Norske Skogindustrier ASA, with headquarters in Oslo, Norway, is among the world’s leading newsprint and magazine producers with production in Europe and Australasia. During 2015 Norske Skog recorded sales of around NOK11.6 billion (approximately EUR1.23 billion).
REGULATORY DISCLOSURES
For ratings issued on a program, series or category/class of debt, this announcement provides certain regulatory disclosures in relation to each rating of a subsequently issued bond or note of the same series or category/class of debt or pursuant to a program for which the ratings are derived exclusively from existing ratings in accordance with Moody’s rating practices. For ratings issued on a support provider, this announcement provides certain regulatory disclosures in relation to the credit rating action on the support provider and in relation to each particular credit rating action for securities that derive their credit ratings from the support provider’s credit rating. For provisional ratings, this announcement provides certain regulatory disclosures in relation to the provisional rating assigned, and in relation to a definitive rating that may be assigned subsequent to the final issuance of the debt, in each case where the transaction structure and terms have not changed prior to the assignment of the definitive rating in a manner that would have affected the rating.

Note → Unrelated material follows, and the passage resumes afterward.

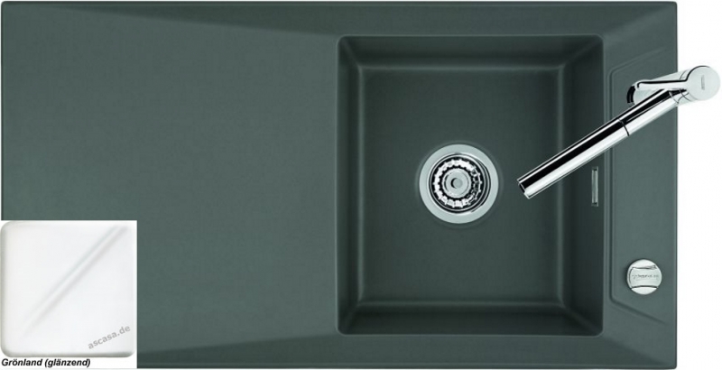 Hinweis: ist auf der oben stehenden Produktabbildung auf der Spüle ein runder Drehknebel zu sehen, handelt es sich um die Version mit Excenter-Betätigung. Eine eventuell abgebildete Armatur gehört nicht zum Lieferumfang.

For any affected securities or rated entities receiving direct credit support from the primary entity(ies) of this credit rating action, and whose ratings may change as a result of this credit rating action, the associated regulatory disclosures will be those of the guarantor entity. Exceptions to this approach exist for the following disclosures, if applicable to jurisdiction: Ancillary Services, Disclosure to rated entity, Disclosure from rated entity.